Ici, au contraire, la livrée est criarde, à première vue très peu camouflée. Mais il ne faut pas oublier qu’à la profondeur où il vit, le rouge devient noir et que le poisson-écureuil géant chasse la nuit.
Dans l’obscurité, ne sont visibles que la longue épine blanche, signe d’avertissement évident pour les prédateurs, la plaque claire de l’opercule, les lignes claires sur la tête et le bord lumineux des nageoires pelviennes ou des écailles. Ces éléments de reconnaissance sont importants, entre autres, pour prendre contact avec les compagnons de meute.

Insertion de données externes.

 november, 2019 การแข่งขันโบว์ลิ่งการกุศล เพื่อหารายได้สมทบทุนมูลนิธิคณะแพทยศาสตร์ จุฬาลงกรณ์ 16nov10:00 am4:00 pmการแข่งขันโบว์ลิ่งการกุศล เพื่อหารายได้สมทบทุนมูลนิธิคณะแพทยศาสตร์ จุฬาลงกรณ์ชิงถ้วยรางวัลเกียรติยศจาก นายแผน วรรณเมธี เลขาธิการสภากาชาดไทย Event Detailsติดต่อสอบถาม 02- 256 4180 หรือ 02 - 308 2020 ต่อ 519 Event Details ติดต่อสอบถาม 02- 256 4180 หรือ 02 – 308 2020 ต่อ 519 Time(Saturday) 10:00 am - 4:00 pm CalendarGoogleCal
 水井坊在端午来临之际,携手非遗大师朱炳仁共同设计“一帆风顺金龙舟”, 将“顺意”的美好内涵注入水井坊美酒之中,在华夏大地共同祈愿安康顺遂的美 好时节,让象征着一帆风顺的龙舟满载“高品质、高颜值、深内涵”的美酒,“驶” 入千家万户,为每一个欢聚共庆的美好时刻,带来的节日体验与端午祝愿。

À cet égard, Sargocentron spiniferum peut également émettre des sons semblables à des grognements quand il est contrarié ou pour attirer les femelles pendant la période de reproduction. Il a été prouvé qu’il s’agit d’un son modulable, une sorte de langage servant également à signaler l’arrivée des prédateurs. Il provient de la contraction d’un organe relié aux côtes : plus celles-ci bougent, plus le signal est fort. Il est évident que les gros individus émettront un son plus fort et pourront supporter l’effort de contraction plus longtemps. Ces signaux lumineux et sonores permettent donc aux femelles de se faire une idée de la prestance du candidat même dans le noir, et les ténors avec les plus longues sérénades seront certainement avantagés.
Éthologie-Biologie reproductive
Assez commun, qu’il soit seul ou en petits bancs, Sargocentron spiniferum est un poisson benthopélagique qui explore les fonds marins à la recherche de vers, crabes, crevettes et petits poissons.

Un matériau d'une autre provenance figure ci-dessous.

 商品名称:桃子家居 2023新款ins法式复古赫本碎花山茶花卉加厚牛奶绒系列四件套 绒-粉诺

La fécondation a lieu pendant la nage, généralement lors de la pleine lune, non par romantisme mais parce que la marée est à son maximum à ce moment-là. Les œufs seront donc entraînés loin par les courants.
Compte tenu de sa taille respectable, les individus pêchés sont parfois consommés par les locaux ou les touristes faisant de la plongée sous-marine, fiers de leur butin mais sans tenir compte du risque de ciguatera, une grave intoxication alimentaire liée à la présence éventuelle d’organismes toxiques dans le régime alimentaire de cette espèce. Robuste et facile à nourrir, le poisson-écureuil géant est souvent l’hôte des grands aquariums publics, la taille adulte n’étant en effet pas très adaptée aux aquariums domestiques.
La résilience de l’espèce est assez bonne, avec un possible doublement des populations décimées par les événements en 1,4 à 4,4 ans. Compte tenu également de sa large diffusion, l’indice de vulnérabilité de Sargocentron spiniferum est aujourd’hui (2020) relativement faible, avec une note de 40 sur une échelle de 100.
Synonymes
Sciaena spinifera Forsskål, 1775; Adioryx spinifer (Forsskål, 1775); Holocentrum spiniferum (Forsskål, 1775); Holocentrus spinifer (Forsskål, 1775); Holocentrus spiniferus (Forsskål, 1775); Perca spinifer (Forsskål, 1775); Holocentrum leo Cuvier, 1829; Holocentrum binotatum Quoy & Gaimard, 1834; Holocentrum melanopterus Bleeker, 1855; Holocentrum unipunctatum Günther, 1874; Holocentrus bowiei, Jordan & Snyder, 1905; Holocentrus verticalis Seale, 1906; Holocentrus xanthurus Fowler, 1944.